I care about acoustics.
I care about WiFi infrastructure.
I care about heating and cooling.
I care about the number of power outlets.
I care about the lighting.
I care about whether someone can take a Zoom call, focus on a proposal, host a client meeting, or spend eight productive hours in the space without thinking about the building around them.
That's where we spend our money. Because the goal isn't to create a space that looks good on opening day. The goal is to create a space that still works five years later.
Take acoustics. One of the biggest complaints people have about shared workspaces is noise. If you're constantly distracted by conversations around you, you can't focus.
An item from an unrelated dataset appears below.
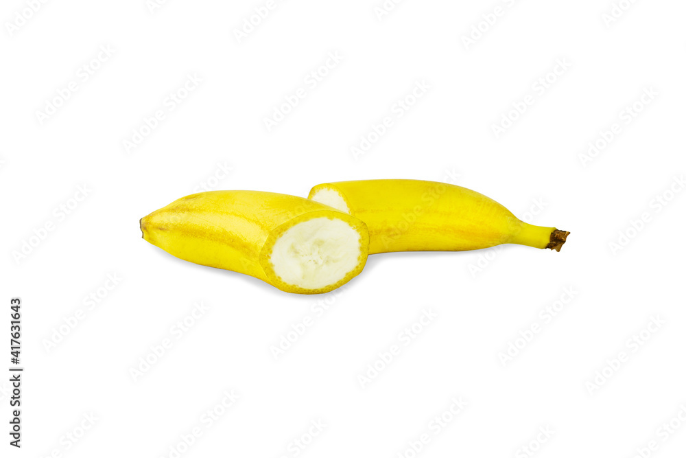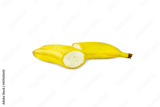 Ripe yellow banana cuted across in half. Isolated on white background.
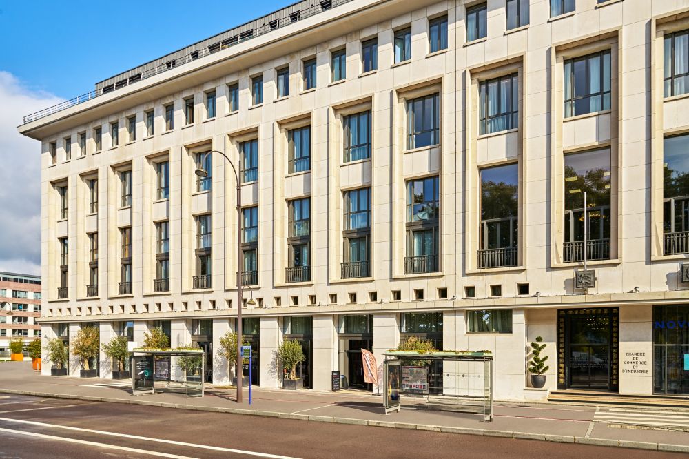 Anchored on the banks of the Seine, in the heart of the historic city of Rouen. Completely redesigned and rebuilt within the historic walls of the Palais des Consuls, a building dating back to 1954 and classified as a protected monument, our hotel offers a modern and daring design, preserving the original architecture while integrating decorative elements inspired by Art Deco and Kinetic Art from the 1950s. A stone's throw away, the majestic Notre-Dame Cathedral, dating back to the 11th century, towers over its medieval quarter and represents a masterpiece in the transition from Romanesque to Gothic art. Claude Monet, a neighbor of Rouen from his garden in Giverny, immortalized this cathedral in a series of 30 famous paintings, showcasing the light and beauty of the Normandy region. Welcome to Normandy, at the gates of the Boucles de la Seine Regional Natural Park, in the heart of timeless history and beauty.egional Natural Park, in the heart of the city and centuries of history. In your hotel, where you will find the restaurant dedicated to the art of living and eating in the French way, in the centre of Normandy and its legendary savoir vivre. 82 rooms await you, your bar, your swimming pool, your gym, and meeting rooms.

If you can't focus, you won't stay. That's why every Workbar location, including our new coworking space in Harvard Square, is built with a layered acoustic strategy.
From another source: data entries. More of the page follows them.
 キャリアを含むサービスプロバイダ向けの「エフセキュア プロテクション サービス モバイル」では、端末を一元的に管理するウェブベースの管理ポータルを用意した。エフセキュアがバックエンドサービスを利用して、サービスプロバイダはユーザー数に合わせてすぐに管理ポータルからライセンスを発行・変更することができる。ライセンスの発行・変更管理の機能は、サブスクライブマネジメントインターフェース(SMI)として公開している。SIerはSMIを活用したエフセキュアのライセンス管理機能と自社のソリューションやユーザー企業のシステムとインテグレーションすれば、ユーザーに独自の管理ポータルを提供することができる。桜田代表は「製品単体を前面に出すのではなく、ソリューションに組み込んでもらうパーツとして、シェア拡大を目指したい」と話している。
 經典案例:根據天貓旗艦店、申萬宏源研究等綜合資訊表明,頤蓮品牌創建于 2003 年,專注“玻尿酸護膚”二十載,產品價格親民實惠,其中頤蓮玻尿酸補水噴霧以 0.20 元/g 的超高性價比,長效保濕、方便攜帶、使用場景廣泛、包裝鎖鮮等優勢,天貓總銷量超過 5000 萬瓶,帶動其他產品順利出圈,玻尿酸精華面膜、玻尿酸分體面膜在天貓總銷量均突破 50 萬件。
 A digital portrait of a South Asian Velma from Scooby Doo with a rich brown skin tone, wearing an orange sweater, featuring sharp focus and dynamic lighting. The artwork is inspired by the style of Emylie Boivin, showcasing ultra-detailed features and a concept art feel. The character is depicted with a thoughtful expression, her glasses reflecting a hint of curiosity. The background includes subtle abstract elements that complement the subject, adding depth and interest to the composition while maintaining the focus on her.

We install sound masking systems that create a consistent background sound and make conversations less noticeable. We use K13 acoustic ceiling treatment to absorb sound and reduce echo. We build walls all the way to the ceiling deck rather than stopping above the ceiling tiles, which helps prevent sound from traveling between offices. We add acoustic insulation inside our walls. We use carpeting and other soft-surface materials throughout key coworking neighborhoods to absorb sound and reduce distractions.
Most people never notice any of this and that's okay. The goal isn't for people to notice it.The goal is for people to sit down, do their work, and not think about the environment around them.
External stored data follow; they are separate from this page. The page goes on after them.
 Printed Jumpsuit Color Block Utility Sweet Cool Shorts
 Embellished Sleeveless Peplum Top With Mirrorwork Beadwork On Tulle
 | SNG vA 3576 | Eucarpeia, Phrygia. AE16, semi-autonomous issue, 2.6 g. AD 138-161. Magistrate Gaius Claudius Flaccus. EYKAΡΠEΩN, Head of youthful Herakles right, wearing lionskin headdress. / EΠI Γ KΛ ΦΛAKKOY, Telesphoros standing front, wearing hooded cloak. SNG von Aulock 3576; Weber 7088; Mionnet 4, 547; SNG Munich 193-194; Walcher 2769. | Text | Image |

The same thing is true of technology.
Today, I was visiting our Needham location when a coworking member mentioned that his Zoom calls weren't as clear as they should be when he moved from one part of the space to another. Our Head of IT immediately jumped in to help.
After troubleshooting, he determined the issue wasn't our network, it was the member's device.
Then he went to the store and bought the equipment the member needed to fix it. This wasn't an enterprise customer. It wasn't a private office member. It was an individual coworking member.
Because that's how seriously we take the member experience. The reality is simple: if our WiFi isn't reliable, our members won't stay. If our heating and cooling aren't working, our members won't stay. If our spaces are too noisy, our members won't stay.
The coworking industry talks a lot about community, events, and amenities, and those things matter. But before any of that matters, the basics have to work.
Reliable WiFi.
Activity-based layouts that encourage movement.
Comfortable temperatures.
Professional meeting rooms.
Acoustics that support focus.
Ergonomic furniture that keeps you feeling good during the workday.
Technology that works when you need it.
Those aren't amenities. They're expectations. As we prepare to open Workbar Harvard Square, we're not spending our time worrying about whether the furniture photographs well on social media. We're focused on the fundamentals.
Because after decades in flexible workspace, we've learned something simple:
People don't stay because a space looks good. They stay because it works.